Monster from the Ocean Floor is a 1954 science fiction film about a sea monster that terrorizes a Mexican cove. The film was directed by Wyott Ordung and starred Anne Kimbell and Stuart Wade.

It was the first film produced by Roger Corman (although he had previously written Highway Dragnet).

Plot
Julie Blair (Anne Kimbell) is an American artist vacationing at a seaside village in Mexico. She hears stories about a man-eating creature dwelling in the cove. She meets Steve Dunning (Stuart Wade), a [marine biologist] doing research in  the area, and they fall for one another. She further investigates the stories of a sea monster killing people along with unexplained disappearances in the area. Julie thinks there might be some substance to these rumors, but Dunning does not.
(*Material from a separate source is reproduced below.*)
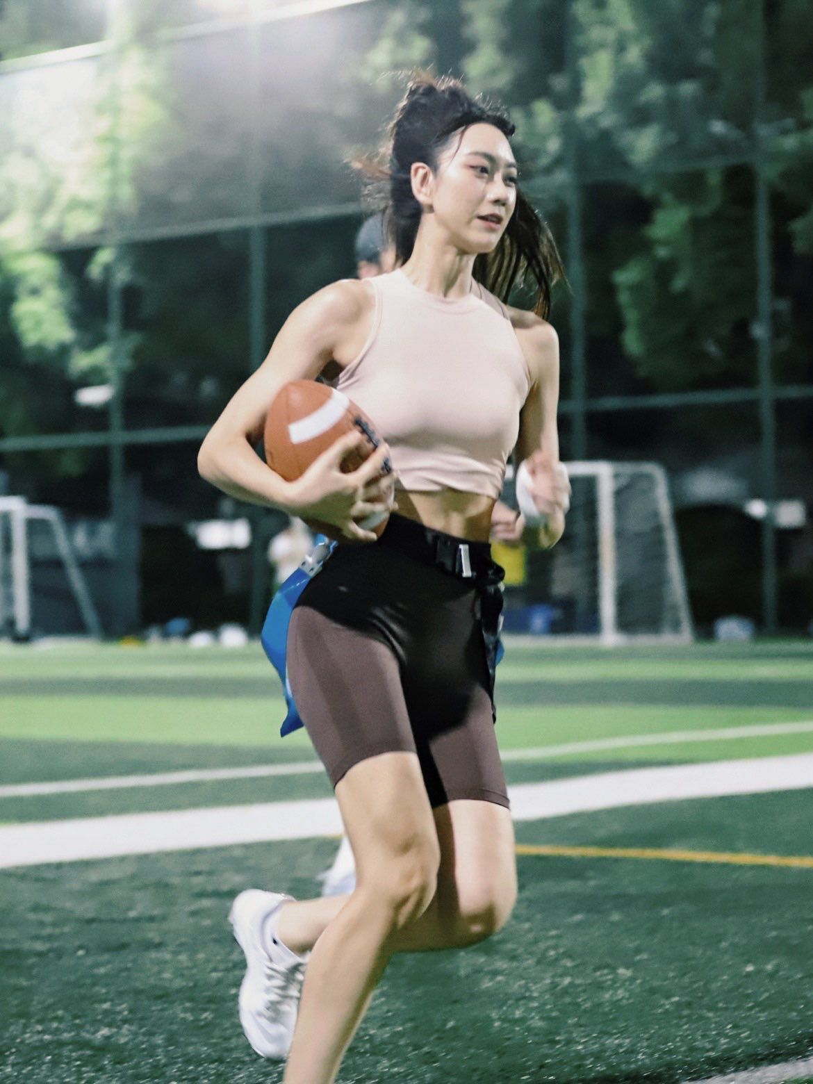 我一周最少健身三次,喜欢飞盘和腰棋橄榄球 喜欢把每次运动的瞬间都记录下来 Alexander Mcqueen说过一句话✍️ “我不喜欢她看起来天真无知,我喜欢的女生充满力量,以至于一个男生不得不充满勇气才敢接近她” 想活成什么样子,只有自己说了算~ - 运动的过程很容易爆汗💦 特别是像腰旗橄榄球这种高间歇爆发运动🏈 可能一个回头你的旗子就要被扯掉了,在没有听到裁判的哨声前,你要无视一切,拼命的向前...
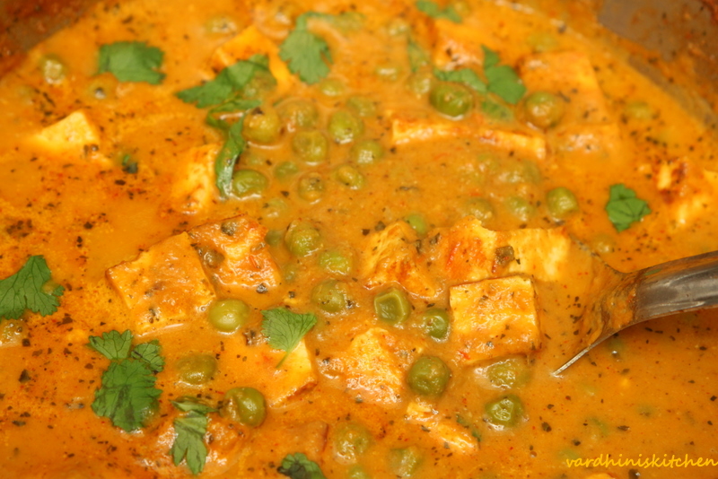 Yummy mutter paneer!!! Instead of peanuts and cashews one can also add watermelon seeds to thicken the gravy…….its also lower on the calories scale!!!!!

The mysterious death of a diver inspires Julie to investigate, but Dunning remains very skeptical. She sees a giant amoeba rising from the ocean. Thinking fast she is able to get a tissue sample from the monster. Confronted with the evidence, and now admitting the creature does in fact exist, Dunning uses the submarine to attack the monster.

Cast
Anne Kimbell as Julie Blair
Stuart Wade as Steve Dunning
Dick Pinner as Dr. Baldwin
Wyott Ordung as Pablo
Inez Palange as Tula
Jonathan Haze as Joe
David Garcia as Jose
Roger Corman as Tommy

Production
It was the first film produced by Roger Corman. One of his first decisions was to allow Wyott Ordung to direct. Ordung agreed to divert part of his pay for the experience of directing. Corman was also able to defer payment against future profits to make the final print.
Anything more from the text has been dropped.